- Born: Kevin Michael Cosgrove January 6, 1955 New York City, U.S.
- Died: September 11, 2001 (aged 46) South Tower, World Trade Center, New York City, U.S.
- Cause of death: Collapse of 2 World Trade Center during the September 11 attacks
- Resting place: St. Patrick Catholic Cemetery, Huntington, New York, U.S.
- Occupation: Vice President of Aon Corporation
- Spouse: Wendy Cosgrove
- Children: 3

= Kevin Cosgrove =

American business executive (1955–2001)

Kevin Michael Cosgrove (January 6, 1955 – September 11, 2001) was an American insurance senior business executive who served as vice president at Aon Corporation. A victim of the September 11 attacks on the World Trade Center, Cosgrove is notable for the 911 call he made during his final moments, which abruptly ended with him screaming from inside the South Tower as it collapsed.
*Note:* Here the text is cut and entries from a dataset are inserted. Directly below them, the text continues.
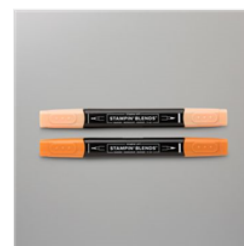
Pumpkin Pie Stampin' Blends Combo Pack - 154897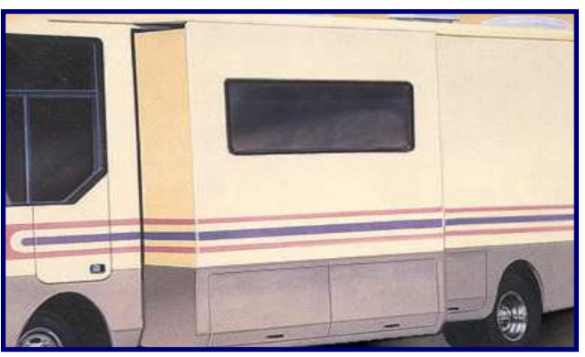
Exterior of room and coach.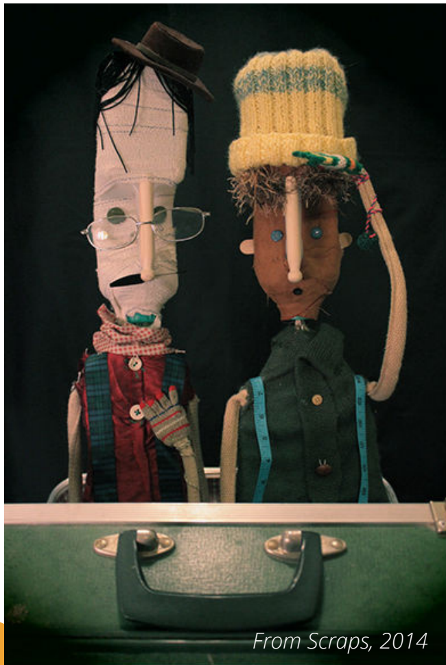
From Scraps, 2014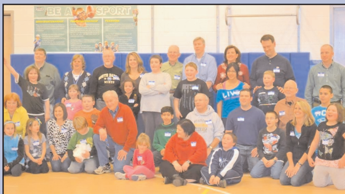
Mentor Program participants gather at the "Minute to Win It" event held at the Louis Toffolon School in January.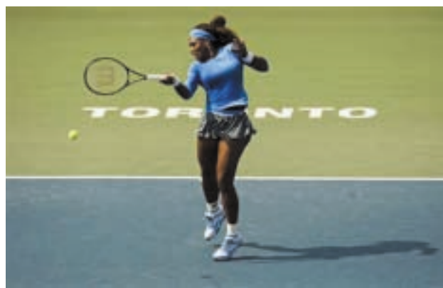
Serena Williams of the US hits a return to Kirsten Flipkens of Belgium during their women's tennis match at day four of the Rogers Cup tennis tournament in Toronto, on 8 Aug, 2013.

Flipkens put down Venus Williams in three sets in the first round as Serena watched from the stands, but the 13th seed struggled for rhythm in the face of the 31-year-old's monster serve and fierce returning.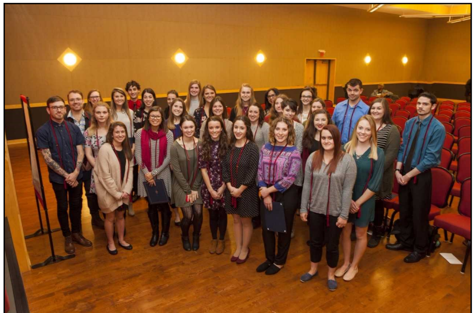
New Sigma Inductees

"The Sigma Tau Delta induction ceremony was the largest in the Alpha Epsilon Delta chapter's history, with 36 new members joining."

Cosgrove's last words made international headlines, and the recording was used during the prosecution of Zacarias Moussaoui (the only criminal trial to result from the attacks).

==Background and career==
Kevin Michael Cosgrove was born on January 6, 1955 to an Irish-American family. Cosgrove met his wife, Wendy Cosgrove, in 1980 when she was working as a waitress, and they were married a few months later. Cosgrove and his family lived in West Islip, New York. Cosgrove was a vice president of claims for Aon Corporation and also served as fire warden for the company.

==Phone call and death==
According to the 911 recording played during the trial of Zacarias Moussaoui, Cosgrove was located in the northwest corner of the 105th floor in the South Tower, overlooking the World Financial Center, when he called 911 at 9:54 am.

In the recording, Cosgrove tells 911 dispatchers that he is calling from survivor Jonathan "Jon" Ostrau's office (Cosgrove misspelled it as John Ostaru) and that he has two other individuals with him (including fellow disaster victim Douglas "Doug" Cherry). Cosgrove tells the operator "my wife thinks I'm all right; I called and said I was leaving the building and that I was fine, and then bang!"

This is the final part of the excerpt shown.